#### [GIVEN INFORMATION]

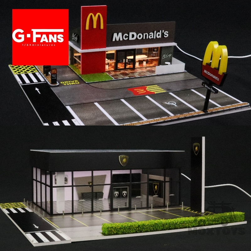 G-FANS 1 : 64 Led Light Diorama MC Loja De Hambúrgueres De Alimentos/Black Center Modelo Edifício w/Parking
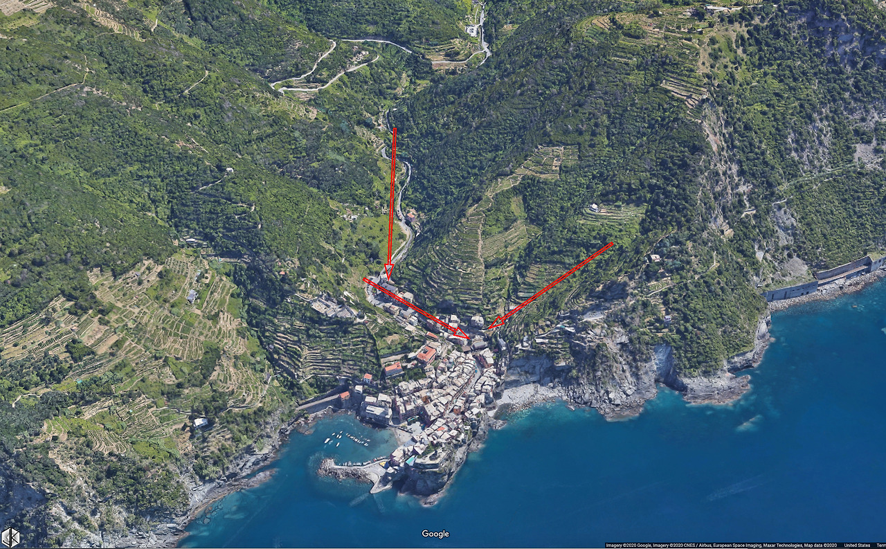 위성지도를 보니 양쪽 산비탈의 흐름이 마을로 모이는 모양새다. 2011년 10월 메디케인(지중해와 허리케인의 합성어)의 영향으로 베르나차 마을은 홍수와 산사태가 발생하여 6개월간 복구를 위해 문을 닫는 아픔을 겪는다.
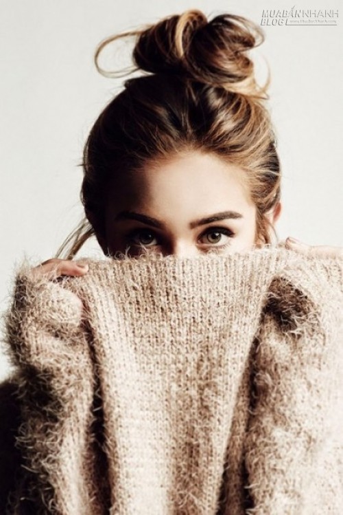 Bạn đừng nghĩ rằng tóc búi không hề phù hợp với mùa lạnh, thực tế chúng lại rất được yêu thích bởi khi kết hợp với những chiếc áo len cổ lọ, kiểu tóc này sẽ mang đến cho bạn vẻ đẹp vô cùng trẻ trung lại có thể ăn gian thêm vài cm chiều cao nữa đấy. Để tạo điểm nhấn cho kiểu tóc búi này, bạn nên làm xoăn nhẹ đuôi tóc, sau đó cuộn tròn lọn tóc lên đỉnh đầu, dùng tay nơi lỏng bím tóc để tạo những lọn tóc rối tự nhiên .

#### [INSTRUCTIONS FOR THE TASK]
Omitting the pictures, write out the material above exactly as it stands.

#### [SOLVED EXERCISE]
 G-FANS 1 : 64 Led Light Diorama MC Loja De Hambúrgueres De Alimentos/Black Center Modelo Edifício w/Parking
 위성지도를 보니 양쪽 산비탈의 흐름이 마을로 모이는 모양새다. 2011년 10월 메디케인(지중해와 허리케인의 합성어)의 영향으로 베르나차 마을은 홍수와 산사태가 발생하여 6개월간 복구를 위해 문을 닫는 아픔을 겪는다.
 Bạn đừng nghĩ rằng tóc búi không hề phù hợp với mùa lạnh, thực tế chúng lại rất được yêu thích bởi khi kết hợp với những chiếc áo len cổ lọ, kiểu tóc này sẽ mang đến cho bạn vẻ đẹp vô cùng trẻ trung lại có thể ăn gian thêm vài cm chiều cao nữa đấy. Để tạo điểm nhấn cho kiểu tóc búi này, bạn nên làm xoăn nhẹ đuôi tóc, sau đó cuộn tròn lọn tóc lên đỉnh đầu, dùng tay nơi lỏng bím tóc để tạo những lọn tóc rối tự nhiên .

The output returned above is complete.